[Start of section]
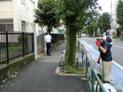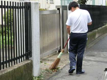 2年生は今日から3日間職場体験です。午後から、パン屋さんに行く男子は、午前中学校の主事さんに付いて、夜中の台風で散らかった落ち葉はきを。
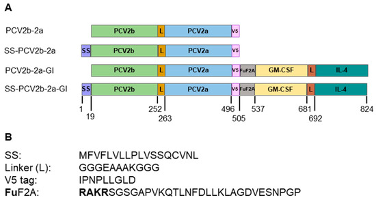 A new bivalent PCV2 immunogen was designed by joining consensus amino acid sequences of Cap2a to the C-terminus of Cap2b, designated PCV2b-2a. The two proteins are linked together via an alpha helical linker to allow a separation of the two proteins to maintain their functions [32,33]. V5 tag sequence was fused to the C-terminus of the fusion protein as shown in Figure 1 and Supplementary Figure S2. With the aim to maximize potency of the PCV2b-2a immunogen, we further modified the immunogen with the signal sequence (SS) and molecular adjuvants GM-CSF and IL-4. To target the protein to secretory pathway, a signal sequence derived from SARS-CoV-2 spike (accession no. MN996527.1), which was previously used to mediate extracellular secretion of our immunogens with high success, was fused to the N-terminus of the immunogens. Porcine GM-CSF and IL-4 were combined as a fusion protein (GI) with an alpha helical linker connecting the two proteins. The fusion protein GI was added to the C-terminus of the PCV2b-2a immunogen. A self-cleaving peptide derived from foot-and-mouth disease virus protein, F2A [34], with a furin (Fu) cleaving sequence (RAKR) [34,35] that we previously demonstrated as having high efficiency in mediating self-cleavage of co-expressed PRRSV proteins [36], was included between the immunogen and GI. The F2A mediates self-cleavage of the co-expressed immunogen and GI, while Fu site mediates trimming of the F2A from the immunogen. With all these modifications, we generated 4 bivalent immunogen constructs: (i) PCV2b-2a, (ii) SS-PCV2b-2a, (iii) PCV2b-2a-GI, and (iv) SS-PCV2b-2a-GI (Figure 1).
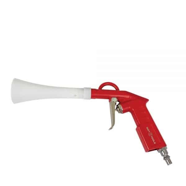 Funciona através de um compressor de ar conectado a ferramenta, para eliminar as sujeiras e umidade de locais de difícil acesso, dentro e fora do veículo.
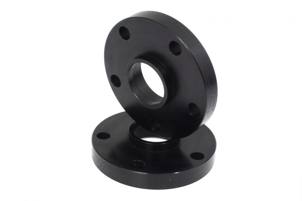 Our distancers are made of PA6 duralumin roller, which makes them very durable and lightweight at the same time, which makes them also great for riding on the track. Both the hole and the centering flange are created with a tolerance of up to 0.05 mm, which ensures accurate centering of the wheel and prevents the occurrence of vibrations on the steering wheel that occur when the rim is not properly aligned. Screwed on spacers are also made of duralumin with pressed knurled pins or steel threaded sleeves, which prevents thread breakage. Both pins and sleeves are secured against being pulled out when tightening the wheel by their two-stage shape. The advantage of the distances is the increase in the track width, thanks to which the car behaves better when cornering, and also looks better because the wheels are not hidden in the fenders. Thanks to the use of spacers, we can mount rims with other parameters such as larger offset (ET), because we level the difference precisely through the spacers. You can also use spacers that change the spacing of the bolts, which allows you to install rims from another car with the same number of fixing bolts.
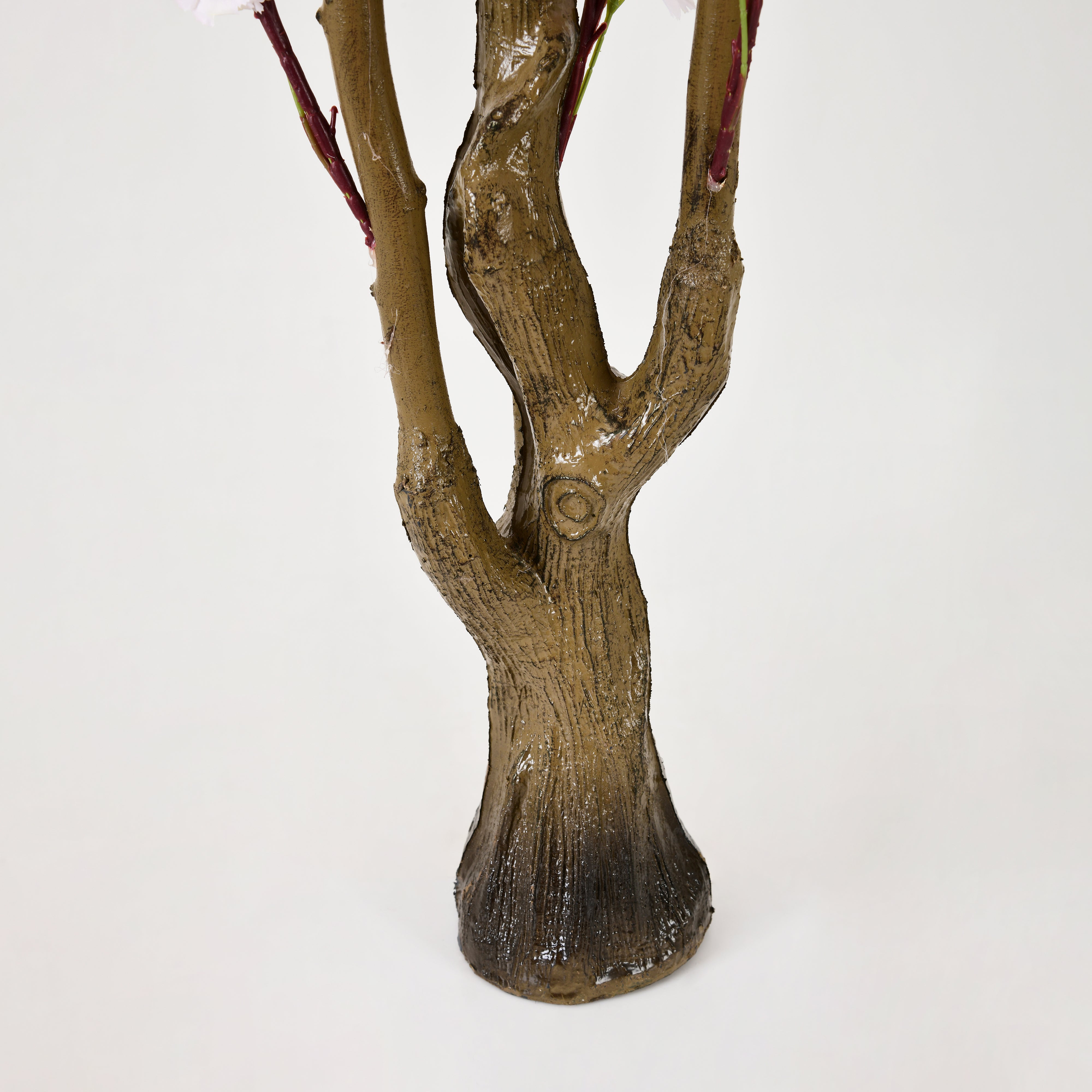 The plant showcases a realistic brown trunk with bark-like texture, resembling aged wood. Several tall branches rise from the trunk, each adorned with clusters of light pink blossoms featuring soft-edged, multi-layered petals that mimic natural flower textures. The subtle tonal variations enhance depth and realism under varying light. Natural green leaves are scattered among the blossoms, providing contrast and a lifelike appearance. The arrangement spreads vertically and outward in a bouquet-like silhouette, offering fullness and visual balance from every angle. Unlike real flowers, these blossoms remain fresh and vibrant throughout the year.
[End of section]
From the first line to the last, write out the data exactly, omitting any pictures.

▶ _Task answer_:
 2年生は今日から3日間職場体験です。午後から、パン屋さんに行く男子は、午前中学校の主事さんに付いて、夜中の台風で散らかった落ち葉はきを。
 A new bivalent PCV2 immunogen was designed by joining consensus amino acid sequences of Cap2a to the C-terminus of Cap2b, designated PCV2b-2a. The two proteins are linked together via an alpha helical linker to allow a separation of the two proteins to maintain their functions [32,33]. V5 tag sequence was fused to the C-terminus of the fusion protein as shown in Figure 1 and Supplementary Figure S2. With the aim to maximize potency of the PCV2b-2a immunogen, we further modified the immunogen with the signal sequence (SS) and molecular adjuvants GM-CSF and IL-4. To target the protein to secretory pathway, a signal sequence derived from SARS-CoV-2 spike (accession no. MN996527.1), which was previously used to mediate extracellular secretion of our immunogens with high success, was fused to the N-terminus of the immunogens. Porcine GM-CSF and IL-4 were combined as a fusion protein (GI) with an alpha helical linker connecting the two proteins. The fusion protein GI was added to the C-terminus of the PCV2b-2a immunogen. A self-cleaving peptide derived from foot-and-mouth disease virus protein, F2A [34], with a furin (Fu) cleaving sequence (RAKR) [34,35] that we previously demonstrated as having high efficiency in mediating self-cleavage of co-expressed PRRSV proteins [36], was included between the immunogen and GI. The F2A mediates self-cleavage of the co-expressed immunogen and GI, while Fu site mediates trimming of the F2A from the immunogen. With all these modifications, we generated 4 bivalent immunogen constructs: (i) PCV2b-2a, (ii) SS-PCV2b-2a, (iii) PCV2b-2a-GI, and (iv) SS-PCV2b-2a-GI (Figure 1).
 Funciona através de um compressor de ar conectado a ferramenta, para eliminar as sujeiras e umidade de locais de difícil acesso, dentro e fora do veículo.
 Our distancers are made of PA6 duralumin roller, which makes them very durable and lightweight at the same time, which makes them also great for riding on the track. Both the hole and the centering flange are created with a tolerance of up to 0.05 mm, which ensures accurate centering of the wheel and prevents the occurrence of vibrations on the steering wheel that occur when the rim is not properly aligned. Screwed on spacers are also made of duralumin with pressed knurled pins or steel threaded sleeves, which prevents thread breakage. Both pins and sleeves are secured against being pulled out when tightening the wheel by their two-stage shape. The advantage of the distances is the increase in the track width, thanks to which the car behaves better when cornering, and also looks better because the wheels are not hidden in the fenders. Thanks to the use of spacers, we can mount rims with other parameters such as larger offset (ET), because we level the difference precisely through the spacers. You can also use spacers that change the spacing of the bolts, which allows you to install rims from another car with the same number of fixing bolts.
 The plant showcases a realistic brown trunk with bark-like texture, resembling aged wood. Several tall branches rise from the trunk, each adorned with clusters of light pink blossoms featuring soft-edged, multi-layered petals that mimic natural flower textures. The subtle tonal variations enhance depth and realism under varying light. Natural green leaves are scattered among the blossoms, providing contrast and a lifelike appearance. The arrangement spreads vertically and outward in a bouquet-like silhouette, offering fullness and visual balance from every angle. Unlike real flowers, these blossoms remain fresh and vibrant throughout the year.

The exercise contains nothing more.